Dataset records:
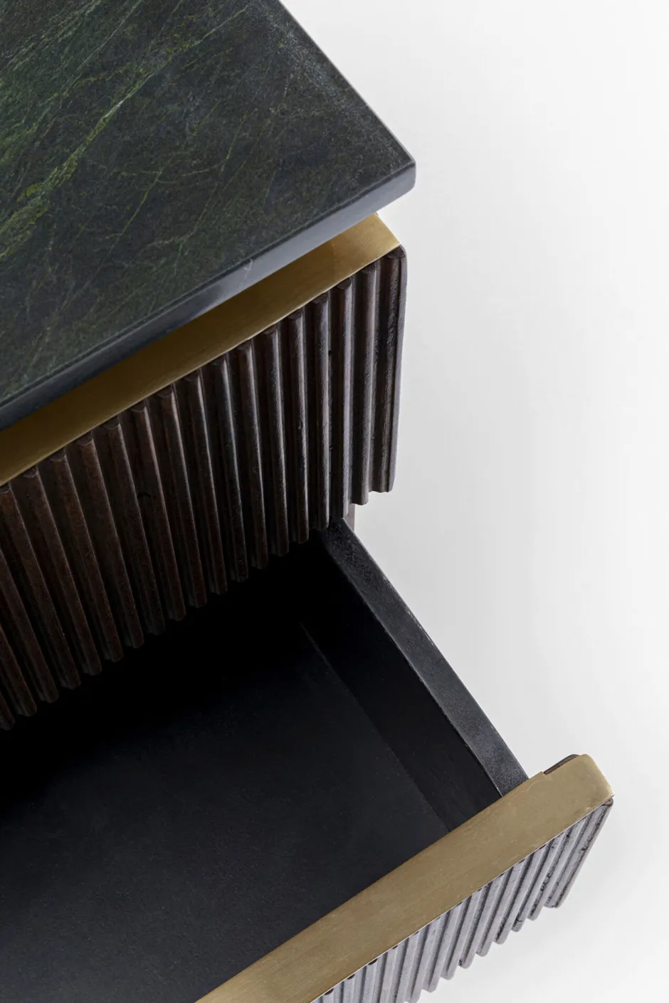 - Kleine Holzkommode in Braun mit Messingdetails Platte aus Mineral-Marmor, 58 x 50.5 x 40.5 cm (H/B/T)
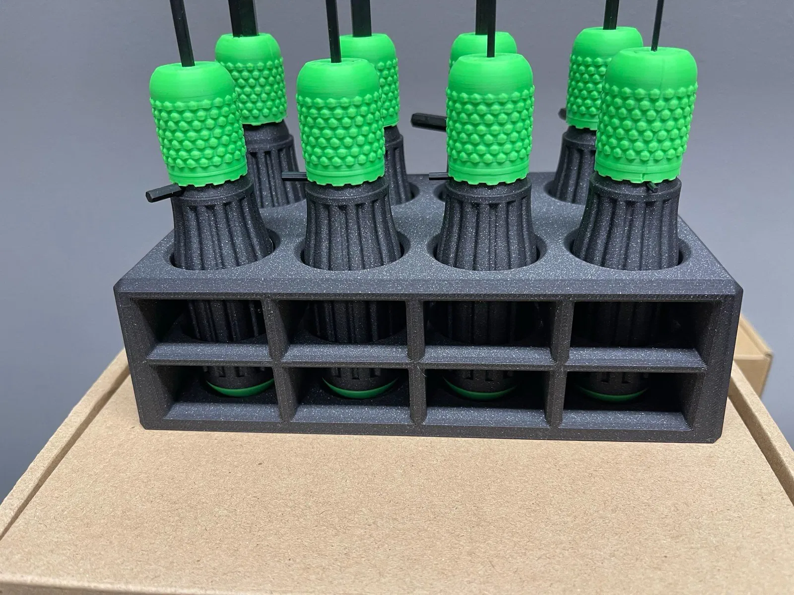 Cái đế này là để giữ bộ lục giác của @OlleMark! (/3d-model/tay-cam-luc-giac). Tôi thấy có mấy loại đế giữ được 5, 6 & 10 cái, nhưng không có loại nào vừa đúng 8 kích cỡ mà @OlleMark đã tạo ra. Hơn nữa, khi kích thước lục giác trên 4mm thì chúng trở nên rất dài. Hầu hết các đế hiện có đều giữ các chìa khóa hướng xuống dưới. Điều này có nghĩa là để giữ một chiếc lục giác 8mm, đế sẽ phải rất lớn! Vì vậy, thay vào đó, tôi đã tự thiết kế một cái đế đơn giản để giữ chúng theo chiều tay cầm xuống dưới. Điều này không có vấn đề gì lớn vì @OlleMark đã rất thông minh khi đánh dấu kích thước chìa khóa ở đầu tay cầm! Cảm ơn @OlleMark vì điều đó! Dù sao đi nữa, đây là một bản in siêu đơn giản. Không cần hỗ trợ, bạn có thể in nó ở mặt trước hoặc mặt sau. Hy vọng nó giúp giữ mọi thứ ngăn nắp cho người khác, giống như nó làm cho tôi! Hãy chia sẻ bản in của bạn và nếu thích, hãy cho nó một ❤ LIKE!
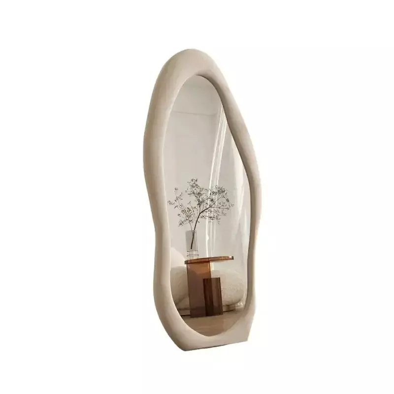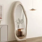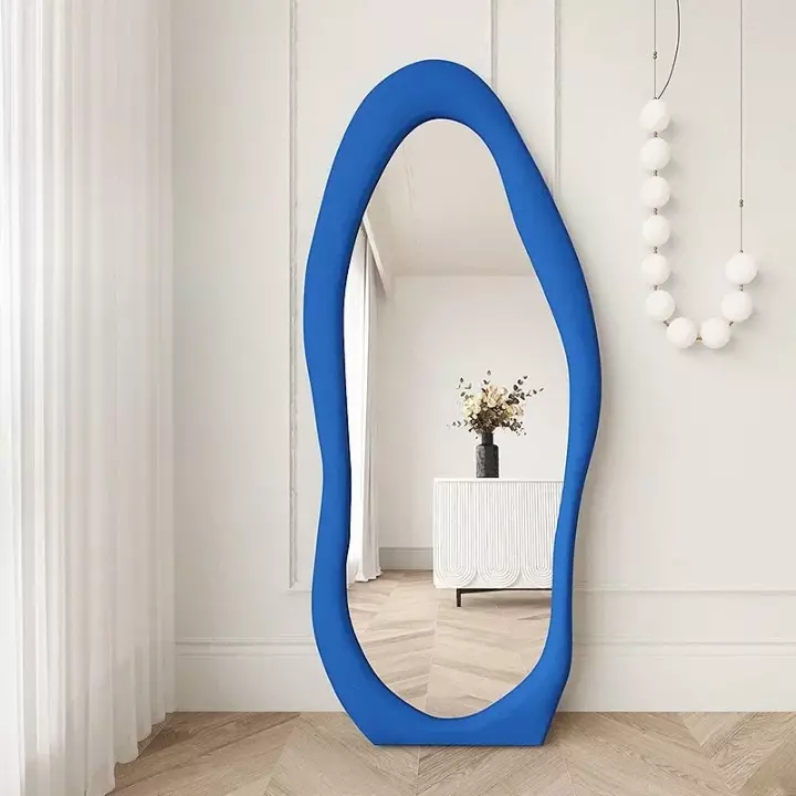 إذا كنت تبحث عن مرايا تتميز بالأناقة والتصميم الفريد، فإن المرايا الطويلة ذات الشكل المنحني هي الخيار الأمثل. هذه المرايا ليست فقط عملية ولكنها أيضاً قطعة فنية تضفي جمالاً على أي غرفة توضع فيها. انحناءاتها تعكس الضوء بشكل جميل وتضيف بعداً إضافياً للديكور.
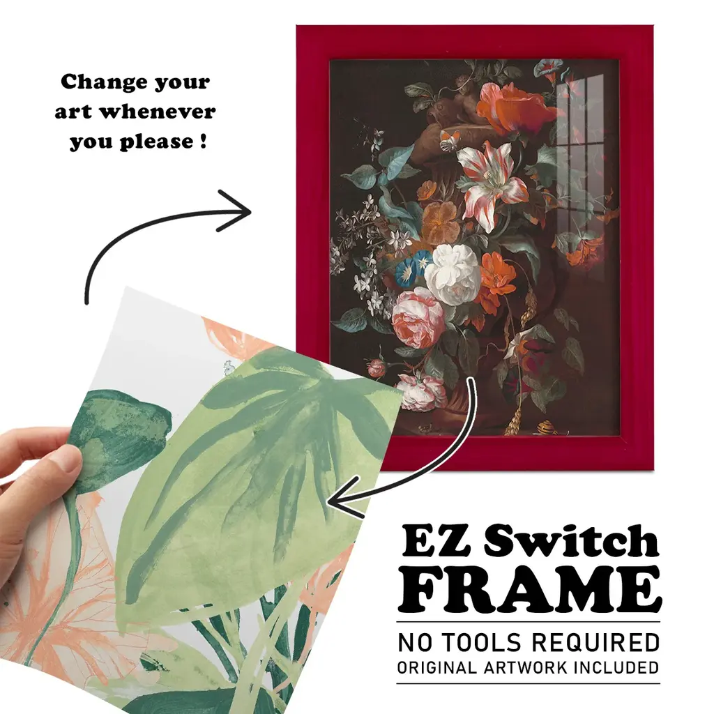 Blush Breeze II -EZ SWITCH Framed Print w/glass-Cherry Red A delightful, framed print. Featuring a solid wood frame with real wood glass. This premium print is giclee quality. In addition, every frame features a removable back and table top stand. This allows you to change your art in the future or to just stand the art on a table for a new look. We are sure you'll enjoy our new series of EZ SWITCH Framed Art. Solid Wood Frame Real Glass Removable / Replaceable Art Built in Tabletop Stand Sizes range from 4x6 up to 12x15 - buy just one or pair them up as sets as you see fit.
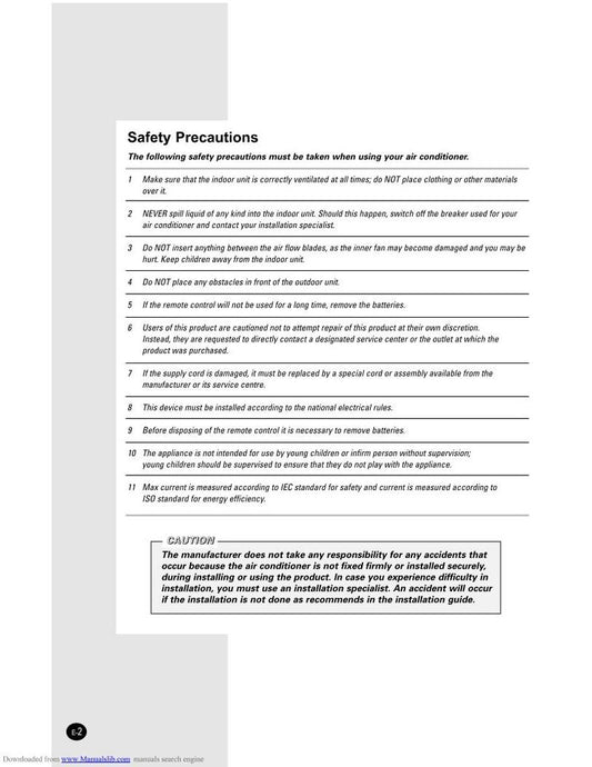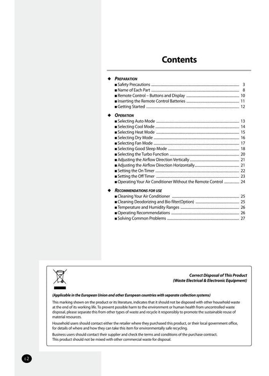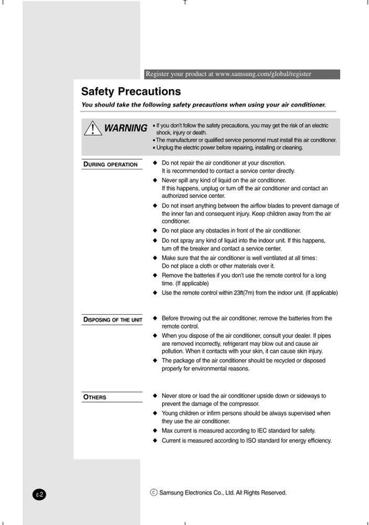 Samsung AM27 B1 C13 Air Conditioner Unit Operating Manual
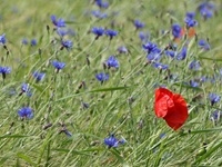 Kornblume zwischen Klatschmohn Centaurea cyanus zwischen Papaver rhoeas

Activity: Set the records down again exactly, and omit any picture in them.

Result of this task:
 - Kleine Holzkommode in Braun mit Messingdetails Platte aus Mineral-Marmor, 58 x 50.5 x 40.5 cm (H/B/T)
 Cái đế này là để giữ bộ lục giác của @OlleMark! (/3d-model/tay-cam-luc-giac). Tôi thấy có mấy loại đế giữ được 5, 6 & 10 cái, nhưng không có loại nào vừa đúng 8 kích cỡ mà @OlleMark đã tạo ra. Hơn nữa, khi kích thước lục giác trên 4mm thì chúng trở nên rất dài. Hầu hết các đế hiện có đều giữ các chìa khóa hướng xuống dưới. Điều này có nghĩa là để giữ một chiếc lục giác 8mm, đế sẽ phải rất lớn! Vì vậy, thay vào đó, tôi đã tự thiết kế một cái đế đơn giản để giữ chúng theo chiều tay cầm xuống dưới. Điều này không có vấn đề gì lớn vì @OlleMark đã rất thông minh khi đánh dấu kích thước chìa khóa ở đầu tay cầm! Cảm ơn @OlleMark vì điều đó! Dù sao đi nữa, đây là một bản in siêu đơn giản. Không cần hỗ trợ, bạn có thể in nó ở mặt trước hoặc mặt sau. Hy vọng nó giúp giữ mọi thứ ngăn nắp cho người khác, giống như nó làm cho tôi! Hãy chia sẻ bản in của bạn và nếu thích, hãy cho nó một ❤ LIKE!
 إذا كنت تبحث عن مرايا تتميز بالأناقة والتصميم الفريد، فإن المرايا الطويلة ذات الشكل المنحني هي الخيار الأمثل. هذه المرايا ليست فقط عملية ولكنها أيضاً قطعة فنية تضفي جمالاً على أي غرفة توضع فيها. انحناءاتها تعكس الضوء بشكل جميل وتضيف بعداً إضافياً للديكور.
 Blush Breeze II -EZ SWITCH Framed Print w/glass-Cherry Red A delightful, framed print. Featuring a solid wood frame with real wood glass. This premium print is giclee quality. In addition, every frame features a removable back and table top stand. This allows you to change your art in the future or to just stand the art on a table for a new look. We are sure you'll enjoy our new series of EZ SWITCH Framed Art. Solid Wood Frame Real Glass Removable / Replaceable Art Built in Tabletop Stand Sizes range from 4x6 up to 12x15 - buy just one or pair them up as sets as you see fit.
 Samsung AM27 B1 C13 Air Conditioner Unit Operating Manual
 Kornblume zwischen Klatschmohn Centaurea cyanus zwischen Papaver rhoeas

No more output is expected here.